The construction of your layout can tell you a lot about yourself.
Take this Onondaga Cutoff 'deep staging' project, for example. The idea started organically, without a clear path forward at first, but always in line with the vision of an exceptional operating experience. Once the idea started it was widely shared with others I trust to vet its weaknesses, and to ensure it was well thought out. It's measured, constructed and installed to stand the test of time and to provide error-free operation. And, once it started, the project hasn't stopped much for other modeling endeavors except for glue to cure or paint to dry. The progress is really settling in, a nice smooth grade down from the right, around the curve towards the new lowest level.

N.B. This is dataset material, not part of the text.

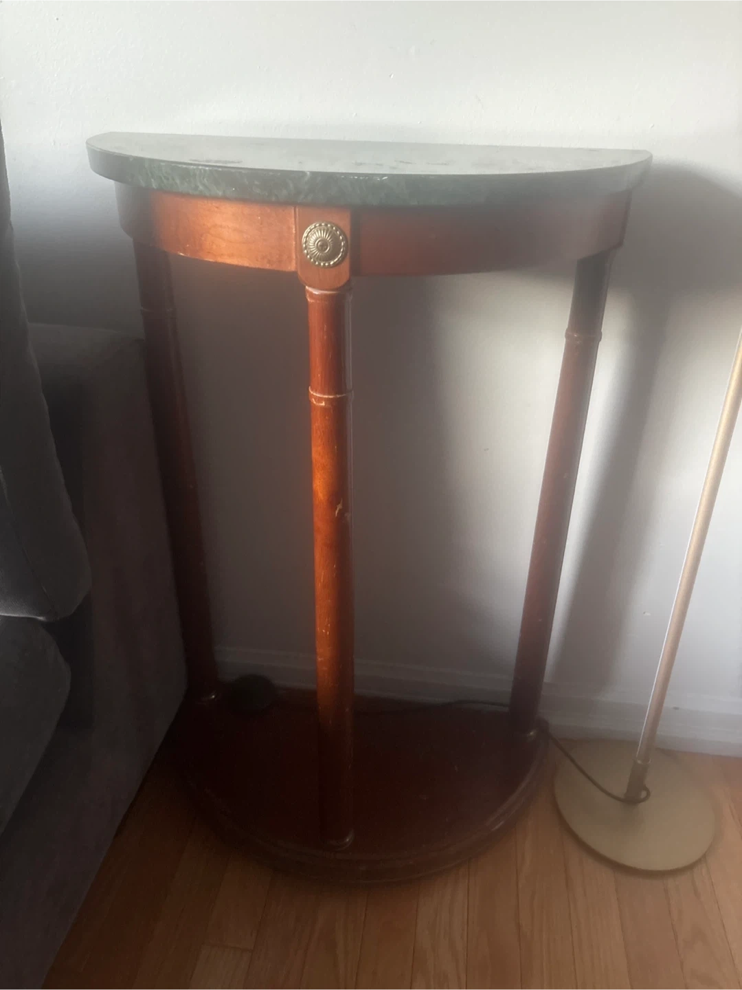 Selling a lovely half-moon accent table. It features a beautiful marble top and a sturdy wooden base. It's perfect for adding a touch of elegance to any room in your home! Open to reasonable offers No holds First come first serve. Pick up only. Cash only

Taking a step back I am quite sure that most things in my life that I can control follow all those same adages. Most things I am involved in did not come from a pre-planned set of goals, but they almost all serve a central vision for life. I have learned in my 44-1/3 years so far that most things in my world are better with the influence of others that are experts in their way, or that know me well enough to give me honest feedback on how I might improve things. Once I decide to build something, I want to do it once, and do it right: taking hours and hours to create something that doesn't work well or to make a repair that can't hold does not suit me. And once I decide to jump in, it's with both feet - unfinished projects cloud the mind and the schedule, and make the satisfaction of moving on nearly impossible.
None of that, of course, is to say that it is easy, or even that I take my own advice all the time. Nope, I am routinely surprised (and sometimes frustrated) by the things I do, but I do hope to learn from each experience and carry that going forward. Life isn't lived on a shelf or on paper; it's lived by doing. The key in my view is to spend enough time planning and considering and sharing any idea first so that the act of doing is more effective, more present, and less prone to the erosion that time will inevitably bring to us all.
Some thoughts for you all on a Monday night as I reflect on progress so far on this deep staging installation.
In the past few nights, we cut in the switch to the existing track.
This process begins by selecting a location for the switch, and with an install like this that is not an easy question. It was moved back and forth a variety of times to find a location with acceptable curves to connect the diverging route of this #6 switch to the new trackage on the ramp.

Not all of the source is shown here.